= Ibn al-'Awwam =

Andalusian writer

Ibn al-'Awwam (ابن العوام), also called Abu Zakariya Ibn al-Awwam (أبو زكريا بن العوام), was an Andalusi agriculturist who flourished at Seville (modern-day southern Spain) in the later 12th century. He wrote a lengthy handbook on agriculture entitled in Arabic Kitāb al-Filāḥa (كِتَاب الفِلَاحَة), which is the most comprehensive treatment of the subject in medieval Arabic, and one of the most important medieval works on the subject in any language. It was published in Spanish and French translations in the 19th century.

==Biography==

His full name was Abu Zakariya Yahya ibn Muhammad ibn Ahmad ibn Al-'Awwam Al-Ishbili (أبو زكريا يحيى بن محمد بن أحمد بن العوام الإشبيلي). The appellation "Al-Ishbili" at the end of his name means "the Sevillean" i.e. from Seville. Nearly everything that is known about him is gleaned from his book. It appears that he was a large landowner whose interests lay exclusively with agricultural matters. It is clear that he did much hands-on growing and experimenting with a wide range of crops himself. It is also clear that he was well-read in the agricultural writings of his predecessors.

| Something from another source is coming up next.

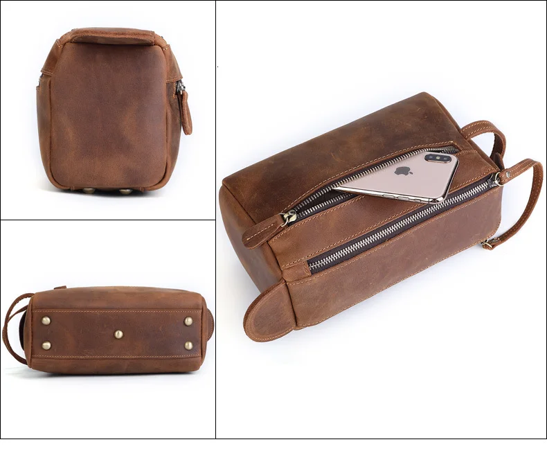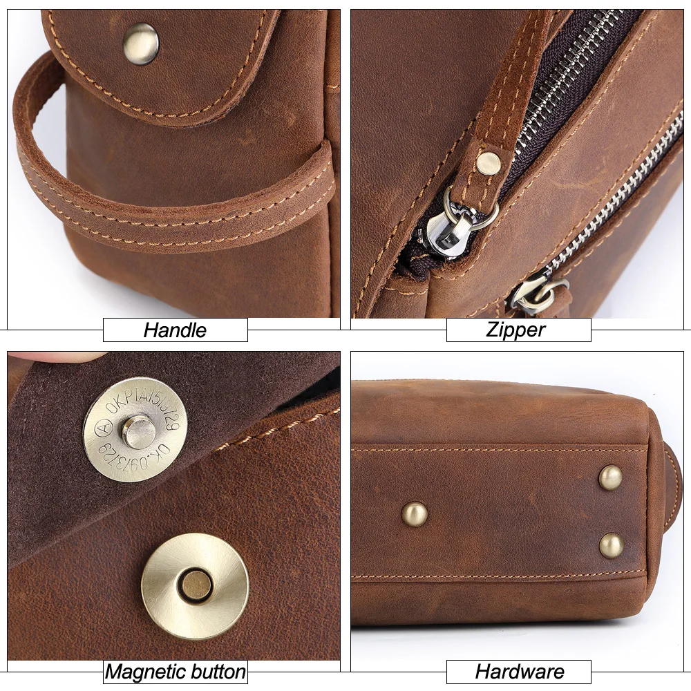 Дорожный косметичка GENODERN из натуральной кожи для мужчин, сумка из кожи Крейзи Хорс, винтажная мужская сумочка для косметики, саквояж для туалетных принадлежностей

==Kitāb al-Filāḥa (كتاب الفلاحة)==

The work is mostly compiled from the writings of other authors. Al-'Awwam cites information from 112 different prior authors. His citations of earlier authors have been analyzed with the following summary results: about 1,900 direct and indirect citations altogether, of which 615 are to Greek authors (the great majority to the Geoponica of Cassianus Bassus), 585 are to Middle Eastern Arabic authors (the great majority to the Book of Nabataean Agriculture attributed to Ibn Wahshiyya), and 690 are to Andalusian Arabic authors (the great majority to Ibn Bassal, Abu ʾl-Khayr al-Ishbīlī or Ibn Hajjaj, all three of whom wrote books about agriculture in the later 11th century in southern Spain, copies of which have survived only partly and incompletely). Ibn al-Awwam compiled from only a subset of the authors he cites: This subset in turn contains all the material of the full set of authors he cites. His most influential direct sources were the Andalusian Arabic sources, who in turn were acquainted with various non-Andalusian sources, including sources from classical antiquity. Like himself, his Andalusian sources had read the Geoponica and the Nabataean Agriculture.

Ibn al-Awwam's book is divided into thirty-four chapters. The first thirty deal with crops and the last four deal with livestock. The first four chapters in the book deal successively with different types of soils, fertilizers, irrigation, and planning a garden layout. Then there are five chapters on growing fruit trees, including grafting, pruning, growing from cuttings, etc., and dozens of different fruit trees are treated individually. Later chapters deal with ploughing, the choice of seeds, the seasons and their tasks, grain farming, leguminous plants, small allotments, aromatic plants and industrial plants. Again, many plants are treated individually on how to cultivate them. One chapter is devoted to methods of preserving and storing foods after harvest, a topic which comes up intermittently elsewhere. The symptoms of many diseases of trees and vines are indicated, as are methods of cure. The chapters on livestock include discussion of the diseases and injuries to horses and cattle.

Ibn al-Awwam's book, an agriculture encyclopedia of more than a thousand pages, is primarily a compilation of the writings of other authors. But it is a compilation that is guided and informed by Ibn al-Awwam's own rich and non-bookish knowledge of the subject.

An edition was published in 1802 with the Arabic text placed alongside a translation into Spanish. In 1864, it was published in French.